Bad Karma: Fisker says its electric drivetrain and battery pack are not to blame for a fire in a plug-in Karma in California earlier this month.

Plug-in Fisker Karma to be recalled to fix faulty fan after Californian fire

20 Aug 2012

A FAULTY cooling fan has been blamed for at least one recent fire in plug-in Fisker Karma range-extender petrol-electric cars in the United States, prompting the American company to recall the vehicles to replace the part.

However, the cause of another fire, in a Karma garaged in Texas in May, remains unclear and the subject of further investigation.

Fisker Automotive says its lithium-ion batteries and electric powertrain have been cleared of any fault in a recent fire involving a Karma on a California roadside, badly damaging the vehicle on August 10.

The company says an investigation by its engineers and independent fire forensic experts traced the blaze to a low-temperature cooling fan in the front left of the car, forward of the front wheel.

Published images taken by passers-by appear to support that theory, showing flames engulfing that portion the car, well away from batteries stored under the floor of the vehicle.

“The final conclusion was that this sealed component had an internal fault that caused it to fail, overheat and start a slow-burning fire,” Fisker said in a statement.

“Fisker has today voluntarily elected to conduct a recall with respect to this cooling fan unit.

 center imageFrom top: Fisker's Tony Posawatz Fisker Atlantic.

“The company is working with the responsible supplier and this recall campaign is not expected to have a material financial impact on Fisker.”

The company says that, as well as replacing the fan, an extra fuse will be fitted for added protection.

Although the number of vehicles recalled was not announced by Fisker, it claims to have sold more than 1000 Karmas since December.

Fisker executive chairman and co-founder Henrik Fisker said the company was committed to responding swiftly and decisively to events such as this to ensure total customer satisfaction.

“This incident resulted from a single, faulty component, not our unique EV powertrain or the engineering of the Karma,” he said.

“As this situation demonstrates, Fisker Automotive is dedicated to doing whatever is necessary to address safety and quality concerns.”

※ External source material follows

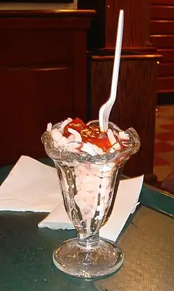 - koktajl z imitacji kraba, przyrządzany w ten sam sposób, co koktajl z krewetek, za 99 centów,

California-based Fisker launched the range-extender Karma in December 2011, but immediately ran into problems when battery coolant was found to be leaking on vehicles being built at the Valmet factory in Finland where the cars are made under contract.

Because of the risk of an electric short-circuit and fire in the battery pack, the first 239 Karmas were recalled by Fisker.

The Texas fire is still the subject of speculation, with Fisker saying the details of the blaze were “not in the public domain”.

The Karma coupe allegedly caught fire in a garage, not only badly damaging the Karma but two other cars – a Honda NSX and Mercedes-Benz roadster – and the house as well.

The owner of the car said he had driven the car into his garage in suburban Houston three minutes before, without plugging it in.

Fisker later released a statement saying the lithium-ion battery pack had been found intact and did not appear to be a contributing factor.

Fires are not Fisker’s only issue, with finance problems also besetting the company.

Earlier this year, Fisker was denied access to more than half of $529 million ($A506m) in government loans it had been relying on, and is reportedly now seeking about $150 million in venture capital.

The financial upheaval has forced Fisker to shelve plans to build a second model, the Atlantic, in Delaware.

The company is now looking to former General Motors executive Tony Posawatz to guide it through its current issues.

The former head of GM’s Volt program has been appointed Fisker Automotive chief executive officer, replacing Tom LaSorda.